5 minutes with... Janthana Kaenprakhamroy, CEO, Tapoly

Kate Birch
3 min
Heading up Europe’s first on-demand insurance platform for the gig economy, Janthana Kaenprakhamroy is winning awards and leading with diversity

Founder and CEO of award-winning insurtech firm Tapoly, Janthana Kaenprakhamroy heads up Europe’s first on-demand insurance platform for the gig economy, winning industry awards, innovating in the digital insurance space, and leading with inclusivity.

Here, Business Chief talks to Janthana about her leadership style and skills. 

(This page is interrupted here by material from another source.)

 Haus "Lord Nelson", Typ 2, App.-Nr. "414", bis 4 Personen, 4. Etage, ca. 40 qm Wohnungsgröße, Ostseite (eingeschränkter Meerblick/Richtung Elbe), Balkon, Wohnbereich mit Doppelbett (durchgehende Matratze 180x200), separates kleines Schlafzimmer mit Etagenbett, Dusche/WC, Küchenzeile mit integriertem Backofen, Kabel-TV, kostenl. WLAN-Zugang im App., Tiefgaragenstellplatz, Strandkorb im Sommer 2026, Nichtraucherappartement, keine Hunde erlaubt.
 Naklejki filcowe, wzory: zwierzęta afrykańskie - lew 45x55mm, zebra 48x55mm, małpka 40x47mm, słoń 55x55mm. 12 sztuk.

What do you do, in a nutshell?

I’m founder and CEO of Tapoly, a digital MGA providing a full stack of commercial lines insurance specifically for SMEs and freelancers, as well as a SaaS solution to connect insurers with their distribution partners. We build bespoke, end-to-end platforms encompassing the whole customer journey, but can also integrate our APIs within existing systems. We were proud to win Insurance Provider of the Year at the British Small Business Awards 2018 and receive silver in the Insurtech category at the Efma & Accenture Innovation in Insurance Awards 2019.

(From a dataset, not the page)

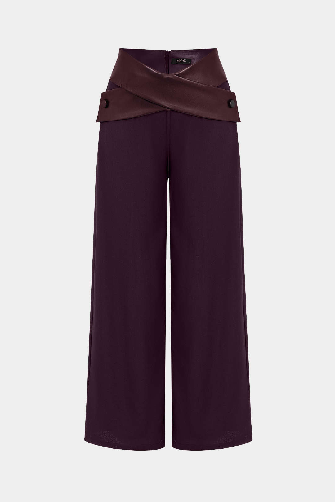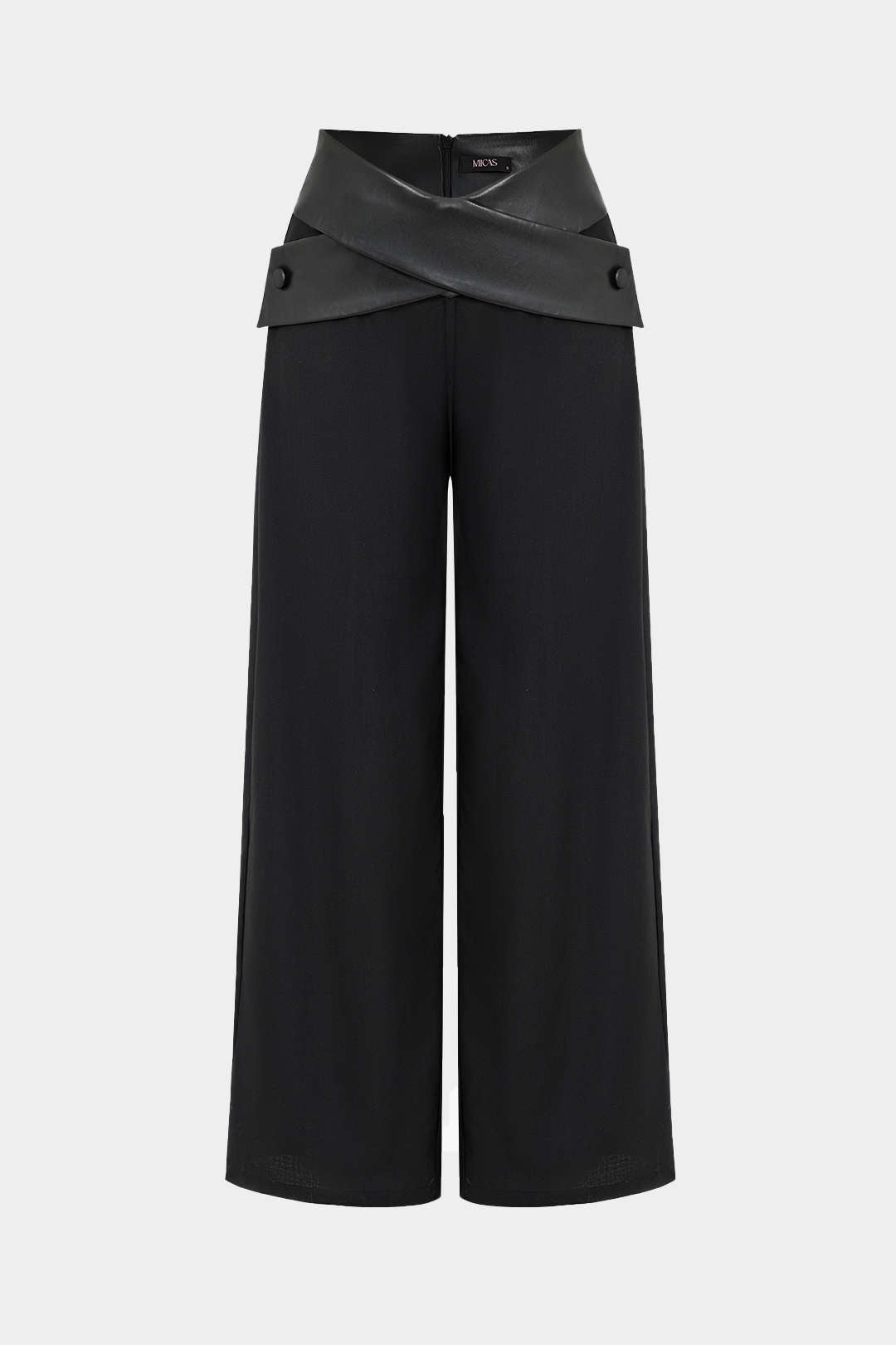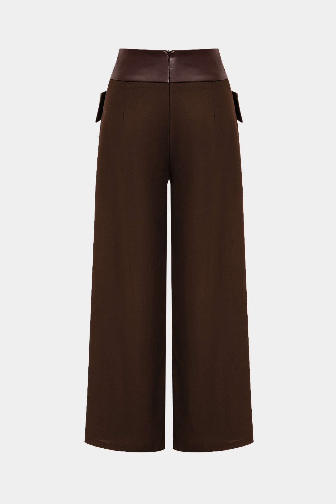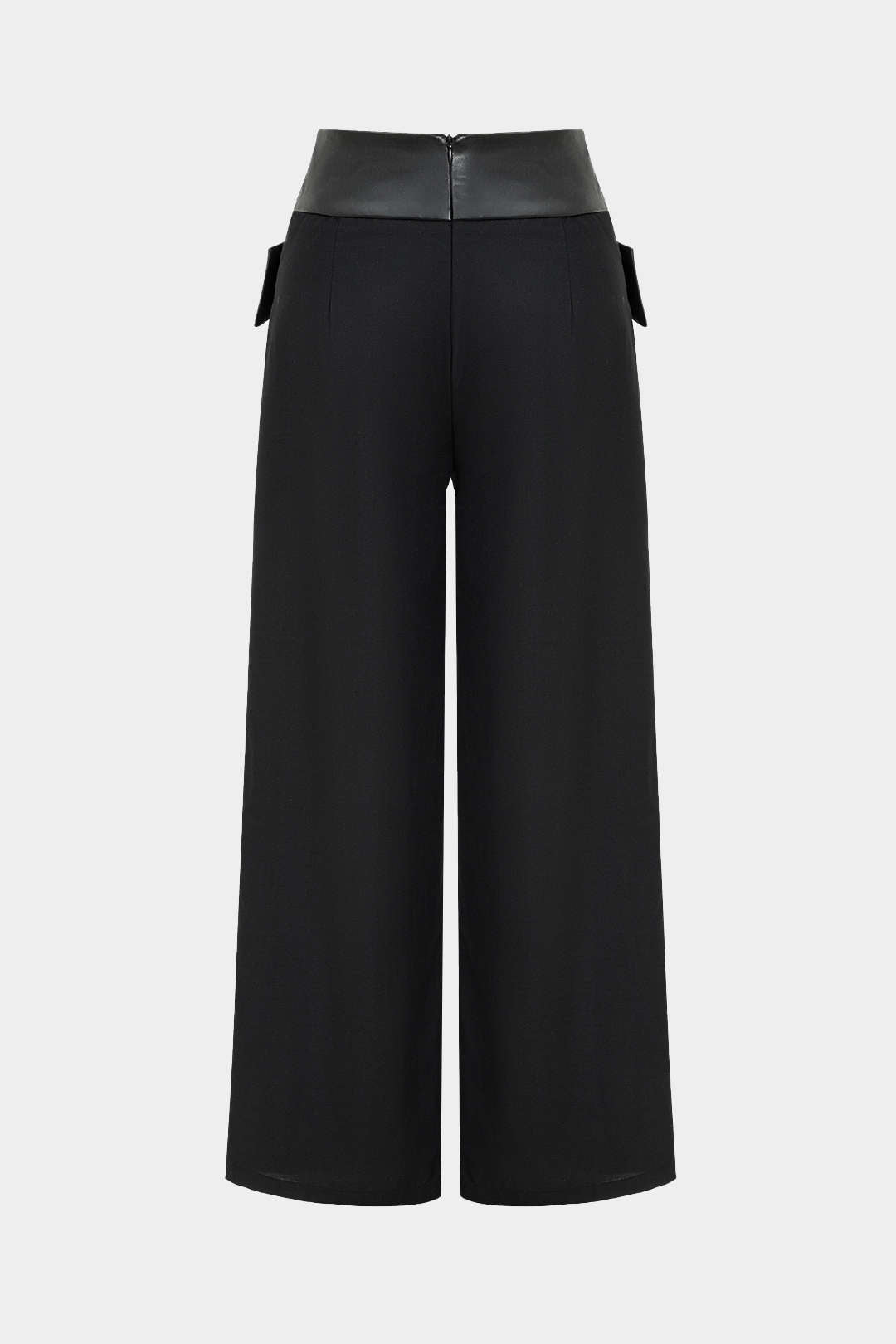 Solid Faux Leather Patchwork High Waist Crossed Pocket Trousers

How would you describe your leadership style?

I try to be as inclusive a leader as possible. I’m committed to creating space for everyone to shine. Many of the roles at Tapoly are performed by women and I speak at industry events to encourage more people to get involved in insurance/insurtech. Similarly, I always try to maintain a growth mindset. I think it’s important to retain values to support learning and development, like reliability, working hard and punctuality.

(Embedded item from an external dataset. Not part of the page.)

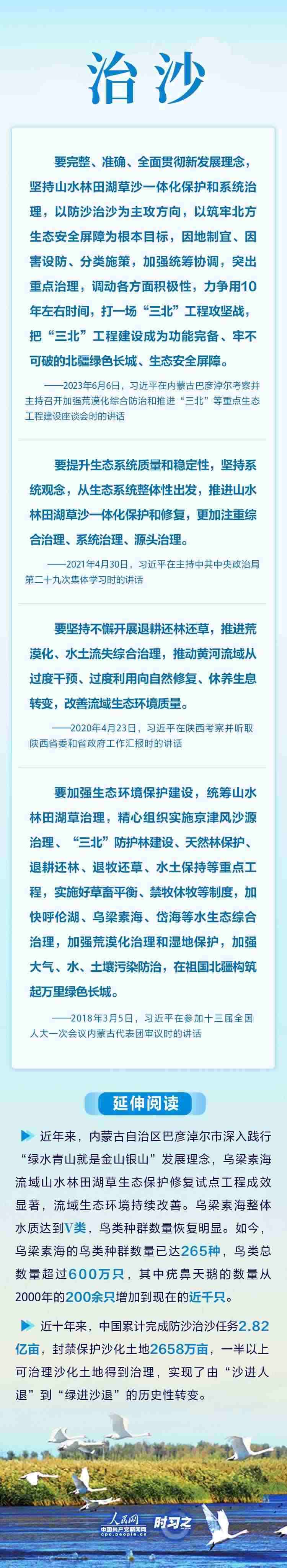 長期以來,在習近平生態(tài)文明思想的指引下,我國堅持走綠色發(fā)展之路,堅持科學防沙治沙,創(chuàng)造了“綠色奇跡”。

What’s the best leadership advice you’ve received?

Build your network and seek advice. As a leader, you need smart people around you to help you grow your business. It’s not about personally being the best, but being able to find resources and get help where needed.

How do you see leadership changing in a COVID world?

I think the pandemic has proven the importance of inclusive leadership so that everyone feels supported and valued. It’s also shown the importance of being flexible as a leader. We’ve had to remain adaptable to continue delivering high levels of customer service. This flexibility has also been important when supporting employees as everyone has had individual pressures to deal with during this time. Leaders should continue to embed this flexibility within their organisations moving forward.

They say ‘from every crisis comes opportunity’, what opportunities do you see?

The past year has been challenging, but it has also proven the importance of digital transformation in insurance. When working from home was required, it was much harder for insurers to adjust who had not embedded technology within their operating processes because they did not have data stored in the cloud and it caused communication delays with concerned customers at a time when this communication should have been a priority, which ultimately impacts the level of customer satisfaction. This demonstrates the importance of what we are trying to achieve at Tapoly in driving digitalisation in insurance and making communication between insurers and distribution partners seamless. 

What advice would you give to your younger self just starting out in the industry?

Start sooner, don’t be afraid to take (calculated) risks and make sure you raise enough money to get you through the initial seed stage.